Segment Start: Material for this exercise
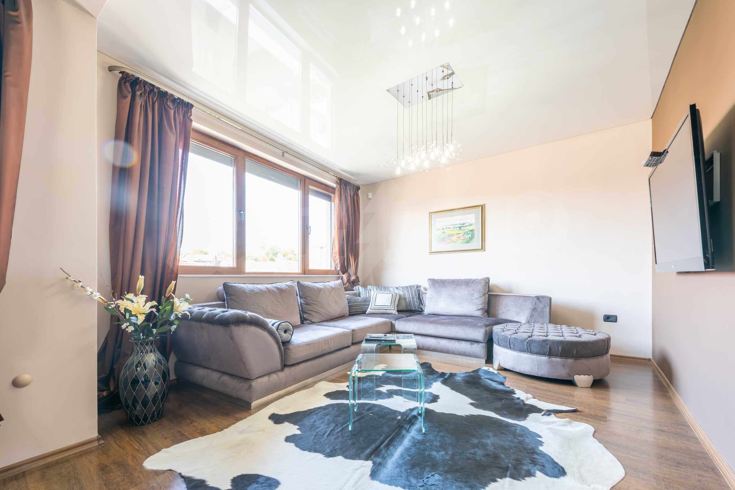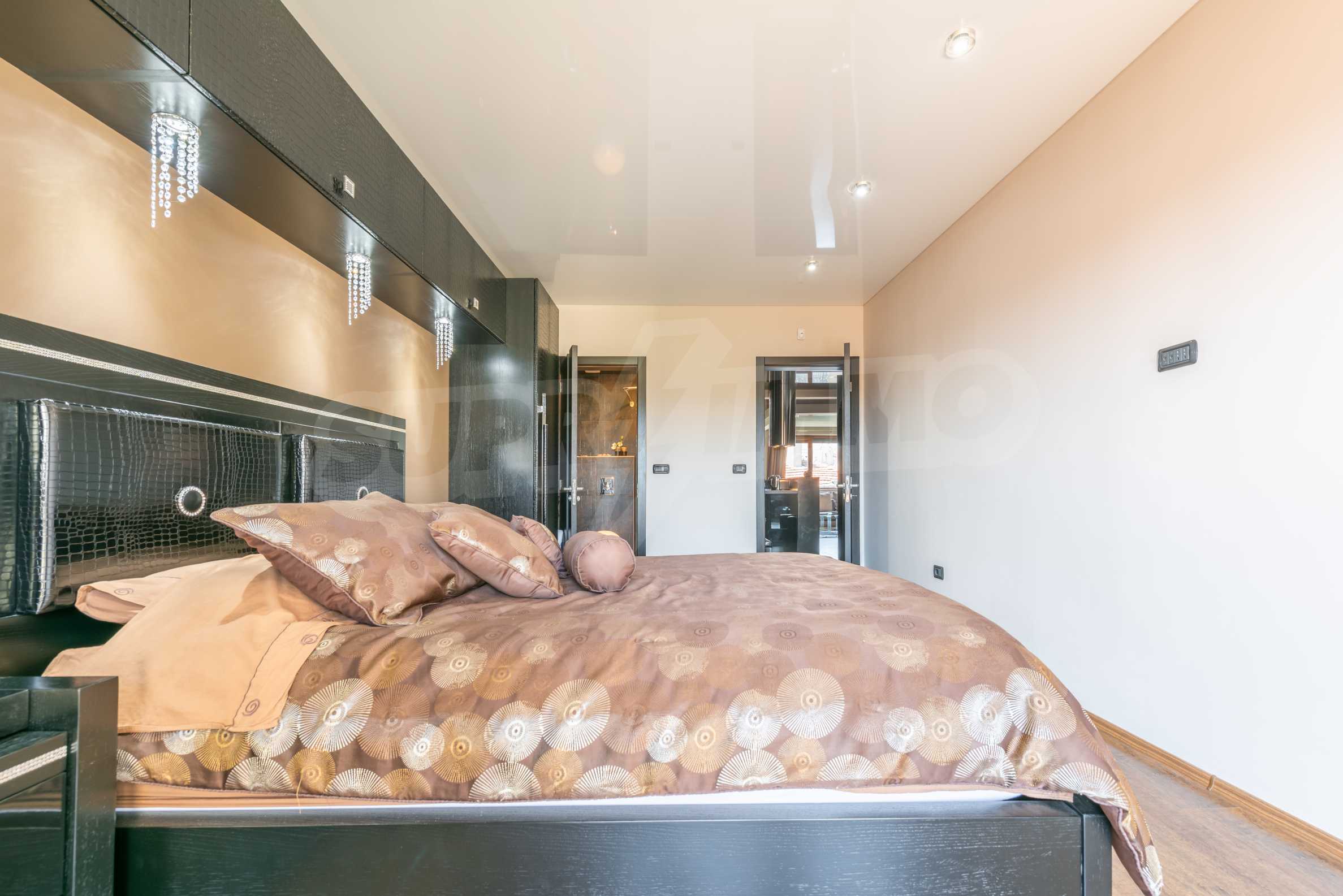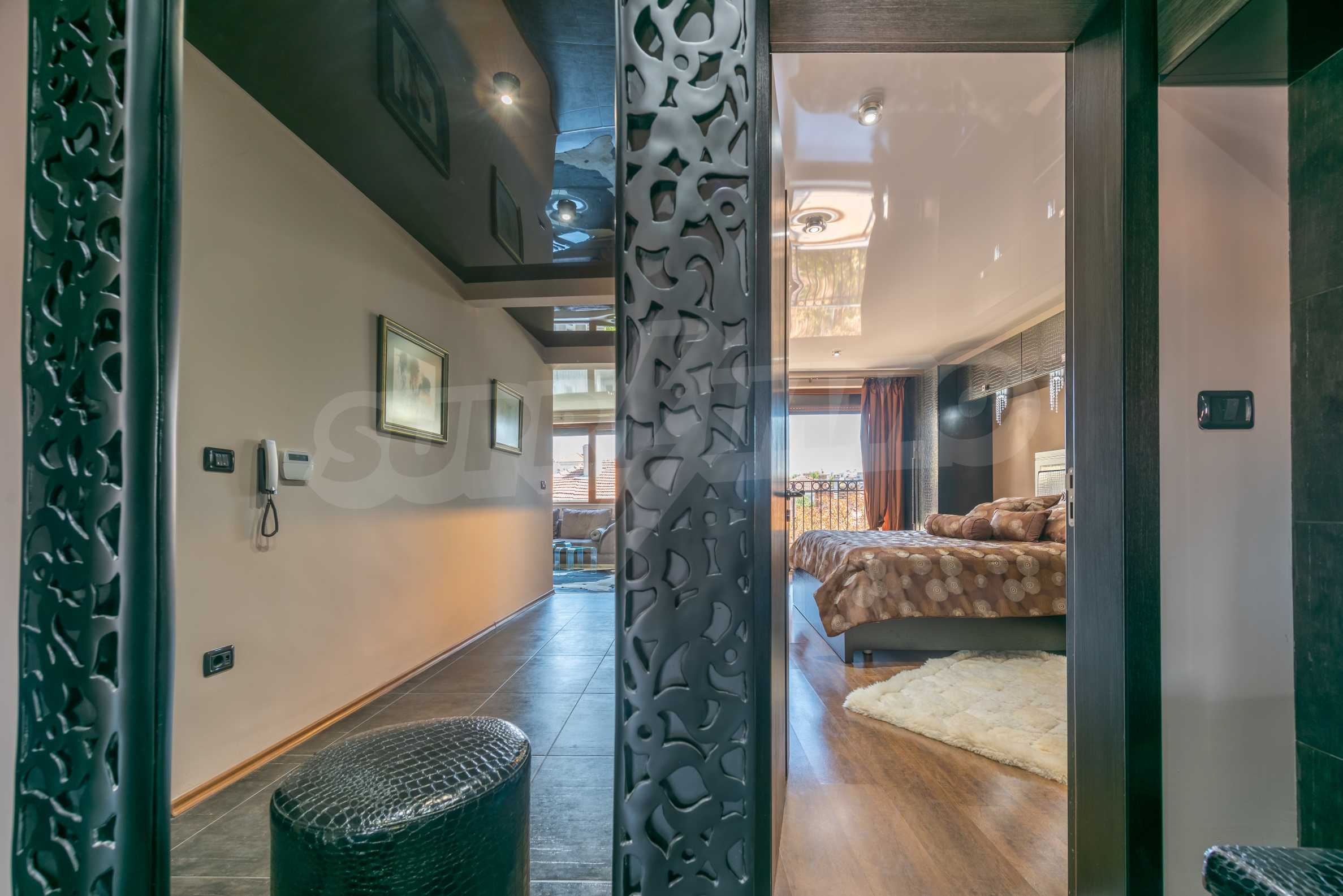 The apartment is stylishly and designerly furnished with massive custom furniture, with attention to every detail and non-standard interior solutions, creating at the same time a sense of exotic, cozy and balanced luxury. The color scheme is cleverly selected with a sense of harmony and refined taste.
Segment End: Material for this exercise
Segment Start: Material for this exercise
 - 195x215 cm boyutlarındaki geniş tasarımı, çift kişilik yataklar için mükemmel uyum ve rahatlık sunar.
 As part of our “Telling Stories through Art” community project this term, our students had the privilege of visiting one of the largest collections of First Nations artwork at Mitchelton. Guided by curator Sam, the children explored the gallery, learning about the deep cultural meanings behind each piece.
Segment End: Material for this exercise
▶ Task description
Starting with the line with "- 195x215 cm" above and going on through the line with "As part of our", transcribe every line exactly, both ends included, and add nothing.

▶ Completed exercise
 - 195x215 cm boyutlarındaki geniş tasarımı, çift kişilik yataklar için mükemmel uyum ve rahatlık sunar.
 As part of our “Telling Stories through Art” community project this term, our students had the privilege of visiting one of the largest collections of First Nations artwork at Mitchelton. Guided by curator Sam, the children explored the gallery, learning about the deep cultural meanings behind each piece.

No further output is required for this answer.